Washington Post solicits immigration sob stories

In what might be described as the journalism equivalent of ambulance chasing, the Washington Post is inviting readers to tell it how their lives have been ruined by President Trump’s executive order on immigration. The Post’s main web page includes this:

Are you, or someone you know, affected by President Trump’s executive order banning refugees and migrants from the U.S.? Share your story with us.

If you follow the link, you get this screen:

Are you, or someone you know, affected by President Trump’s travel restrictions?

President Trump issued an executive order barring refugees and migrants from predominantly Muslim countries from entry into the United States. If this affects you or someone you know, The Washington Post wants to hear from you.


Name *

Who is affected and why? *

Explain your/their situation to us in as much detail as you can provide. *
For example, if the person affected is currently detained at an airport, left in limbo during travel, etc.
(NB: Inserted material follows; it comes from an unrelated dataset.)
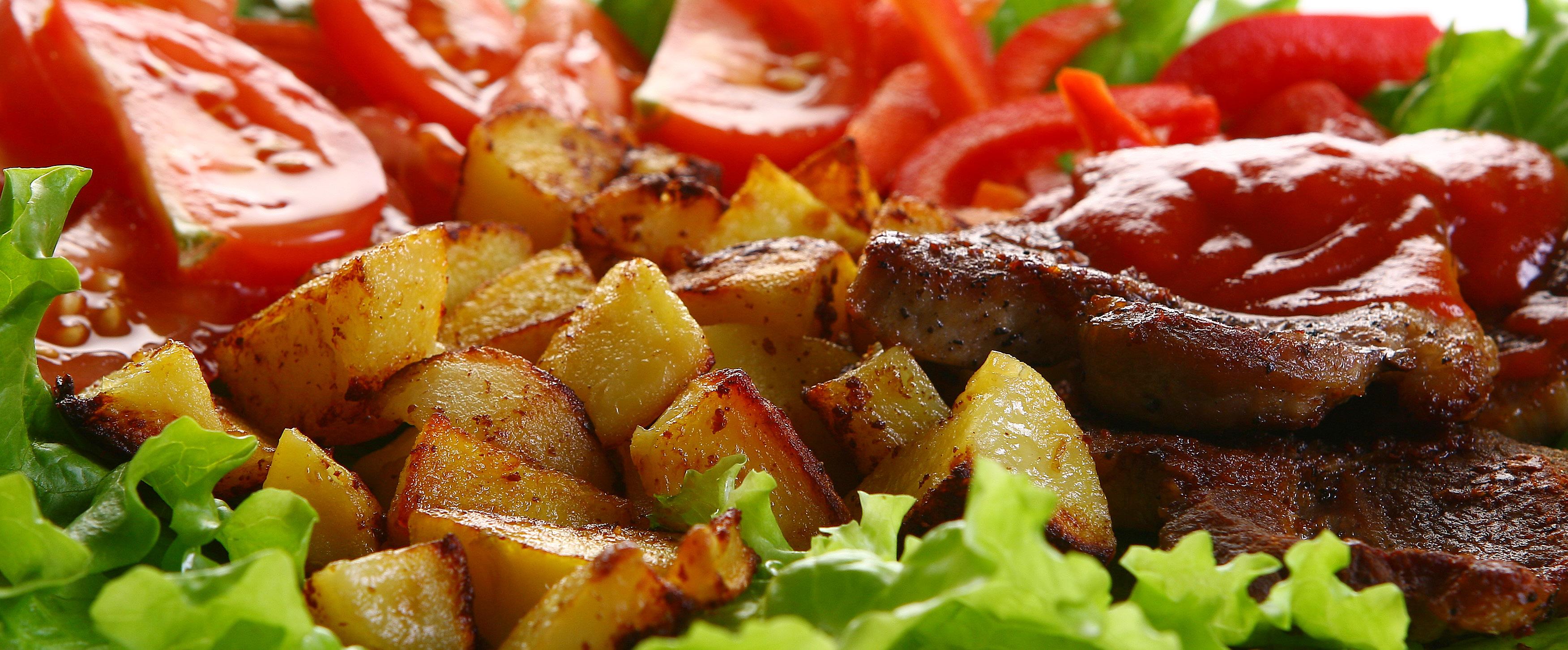 Hill Country Greens, Grape Tomatoes, Cucumbers, Lemon-Thyme Vinaigrette Crumbled Feta and Romaine Salad, Cucumber, Red Pepper, Tomato, Greek Vinaigrette

How can we reach you or the person affected by the order?
Please provide contact information – phone, email, or both – which a reporter may use to get in touch and learn more. We will not publish your contact information.


Reader response may already be robust. The main page currently contains these stories: “She was barred from visiting her sick mother” and “‘Trump destroyed my life’” and “‘We’re second-class citizens’” and “He was days from moving to the U.S.”
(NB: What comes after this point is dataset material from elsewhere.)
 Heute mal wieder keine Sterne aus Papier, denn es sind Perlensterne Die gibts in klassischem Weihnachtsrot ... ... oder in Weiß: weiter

I’ve been reading the Post for 55 years. I don’t recall the paper ever running individualized story after individualized story about how particular people have been affected by a government policy. Nor do I recall the Post ever soliciting such stories.

I also don’t recall the Post engaging in this sort of journalism when Donald Trump intervened to prevent companies from moving plants from the U.S. to foreign countries. The Post easily could have run multiple stories about workers whose jobs Trump saved, thereby rescuing their economic situation. The Post could have elicited information about the dire consequences particular people would have faced if the company had moved its operation abroad.

To the best of my recollection, the Post didn’t do so.

It can’t be that the Washington Post is out to get our new president, can it?